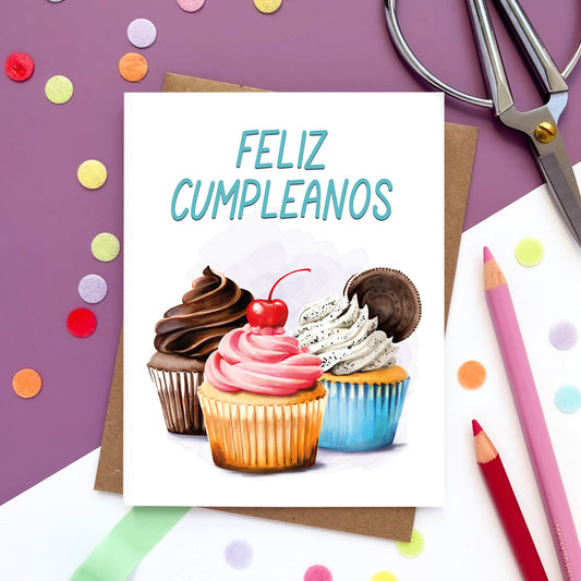 Feliz Cumpleanos Cupcake Spanish Birthday Card
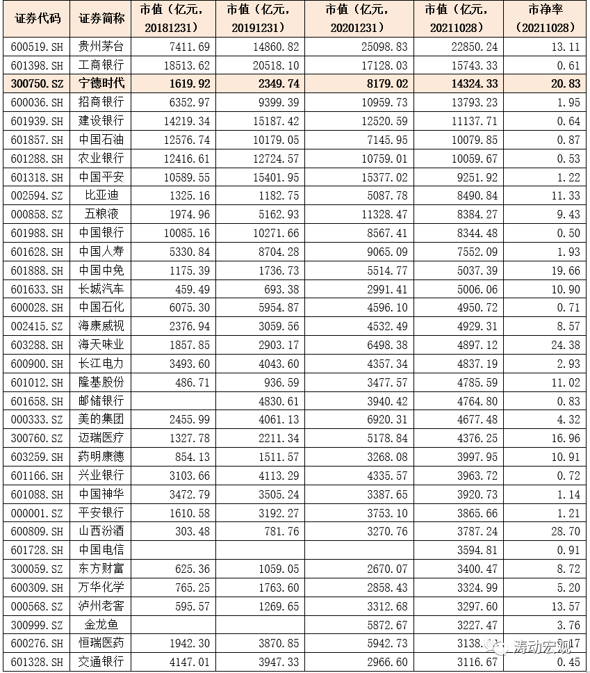 2018年-2020年底寧德時代的市值僅分別位居A股全市場第33位、第34位和第10位,這說明寧德時代的市值和排名自2020年以來上升非常多。
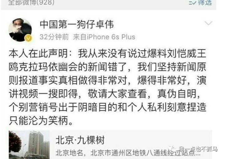 气得卓伟发微博澄清说:本人从来没说过爆料刘恺威王鸥在克拉玛依幽会的新闻错了,演讲视频一搜就能看到。
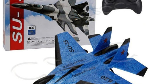 Детский самолет на радиоуправлении. Простая в использовании и управлении модель. Нравится как взрослым, так и детям! Подготовка к работе очень простая. Нужно зарядить аккумулятор, вставить передние и задние шасси и закрепить мягкий наконечник на носике. После зарядки аккумулятора необходимо поместить его в соответствующий отсек и включить питание самолета. Вставить элементы питания в пульт управления и нажать на нем кнопку включения. Затем левый рычаг перевести в крайнее верхнее, потом в крайнее нижнее положения и вернуть вверх...
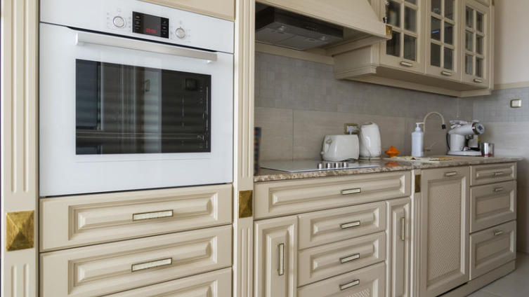 К подобной хитрости чаще всего прибегают на кухне — холодильники и духовые шкафы встраивают в мебель. Используя листы ДСП или МДФ, из которых сделаны фасады остальной мебели на кухне можно отлично замаскировать бытовую технику. Однако для подобных работ необходимо нанимать лишь опытных специалистов, не пытайтесь сделать это самостоятельно, так как при встраивании приборов обязательно нужно учесть массу нюансов.
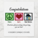 Niedlich Peace Liebe Real Anwesen Weinetiketten für einen Händler, der eine Zuhause verkauft hat. Passen Sie dieses Label mit Ihrem Namen als Immobilienagentur unter dem Friedenszeichen, einem Herz und einem Haus an. Herzlichen Glückwunsch an Ihren Kunden und personalisieren Sie eine Danksagung Nachricht.
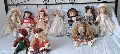 vendo 10 bambole in porcellana da collezione tenute protette mai usate come giocattolo. (non mostrate singolarmente causa spazio foto di Subito) possibile vendita singolo pezzo (da concordare) per qualsiasi info o uleriori foto non esitate a contattarmi.
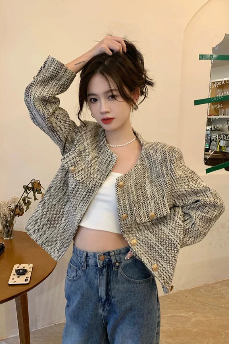 Xiaoxiangfeng 高級カラーヒットショートコート女性の 2023 年春の新作緩くて薄い気質カーディガントップ潮 スプリング 春物 0921920084849736
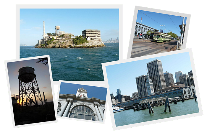 En redescendant vers les « Piers » , vous arriverez au « Port of San francisco », reconnaissable à distance par l’horloge du Terminal Market, qui surplombe le quartier. Facilement accessible par la ligne de Tramway F, la plus ancienne du pays, c’est ici que vous embarquerez à la nuit tombée pour une destination qui fait froid dans le dos… Alcatraz. La prison la plus célèbre au monde, qui a vu passer les plus grands criminels comme Al Capone ou Buffalo Bill, n’a cessé d’inspirer romanciers et réalisateurs de films. Il était théoriquement impossible de s’y échapper… Pourtant, la prison compte 36 évasions de son actif dont 2 corps n’ont jamais été retrouvés… Certaines légendes racontent qu’ils hantent encore les murs de la prison… Frissons garantis !Golden Gate Bridge
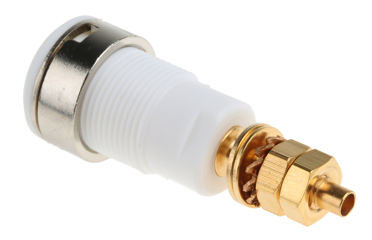 This is Multi Contact White Female Banana Plug - Solder 1kV manufactured by Staubli. The manufacturer part number is 23.3020-29. The product has a current rating of 32a. Moreover, the product has a nominal 1000v voltage rating. In addition, female is the available "Gender" of the product. Its accurate length is 38.5mm. The product is made from sturdy brass materials. It comes in banana socket configuration.

☆ ☆ ☆

Without changing a single word, set down all of the material again and leave out its pictures.

> **EXERCISE OUTPUT**
 Feliz Cumpleanos Cupcake Spanish Birthday Card
 2018年-2020年底寧德時代的市值僅分別位居A股全市場第33位、第34位和第10位,這說明寧德時代的市值和排名自2020年以來上升非常多。
 气得卓伟发微博澄清说:本人从来没说过爆料刘恺威王鸥在克拉玛依幽会的新闻错了,演讲视频一搜就能看到。
 Детский самолет на радиоуправлении. Простая в использовании и управлении модель. Нравится как взрослым, так и детям! Подготовка к работе очень простая. Нужно зарядить аккумулятор, вставить передние и задние шасси и закрепить мягкий наконечник на носике. После зарядки аккумулятора необходимо поместить его в соответствующий отсек и включить питание самолета. Вставить элементы питания в пульт управления и нажать на нем кнопку включения. Затем левый рычаг перевести в крайнее верхнее, потом в крайнее нижнее положения и вернуть вверх...
 К подобной хитрости чаще всего прибегают на кухне — холодильники и духовые шкафы встраивают в мебель. Используя листы ДСП или МДФ, из которых сделаны фасады остальной мебели на кухне можно отлично замаскировать бытовую технику. Однако для подобных работ необходимо нанимать лишь опытных специалистов, не пытайтесь сделать это самостоятельно, так как при встраивании приборов обязательно нужно учесть массу нюансов.
 Niedlich Peace Liebe Real Anwesen Weinetiketten für einen Händler, der eine Zuhause verkauft hat. Passen Sie dieses Label mit Ihrem Namen als Immobilienagentur unter dem Friedenszeichen, einem Herz und einem Haus an. Herzlichen Glückwunsch an Ihren Kunden und personalisieren Sie eine Danksagung Nachricht.
 vendo 10 bambole in porcellana da collezione tenute protette mai usate come giocattolo. (non mostrate singolarmente causa spazio foto di Subito) possibile vendita singolo pezzo (da concordare) per qualsiasi info o uleriori foto non esitate a contattarmi.
 Xiaoxiangfeng 高級カラーヒットショートコート女性の 2023 年春の新作緩くて薄い気質カーディガントップ潮 スプリング 春物 0921920084849736
 En redescendant vers les « Piers » , vous arriverez au « Port of San francisco », reconnaissable à distance par l’horloge du Terminal Market, qui surplombe le quartier. Facilement accessible par la ligne de Tramway F, la plus ancienne du pays, c’est ici que vous embarquerez à la nuit tombée pour une destination qui fait froid dans le dos… Alcatraz. La prison la plus célèbre au monde, qui a vu passer les plus grands criminels comme Al Capone ou Buffalo Bill, n’a cessé d’inspirer romanciers et réalisateurs de films. Il était théoriquement impossible de s’y échapper… Pourtant, la prison compte 36 évasions de son actif dont 2 corps n’ont jamais été retrouvés… Certaines légendes racontent qu’ils hantent encore les murs de la prison… Frissons garantis !Golden Gate Bridge
 This is Multi Contact White Female Banana Plug - Solder 1kV manufactured by Staubli. The manufacturer part number is 23.3020-29. The product has a current rating of 32a. Moreover, the product has a nominal 1000v voltage rating. In addition, female is the available "Gender" of the product. Its accurate length is 38.5mm. The product is made from sturdy brass materials. It comes in banana socket configuration.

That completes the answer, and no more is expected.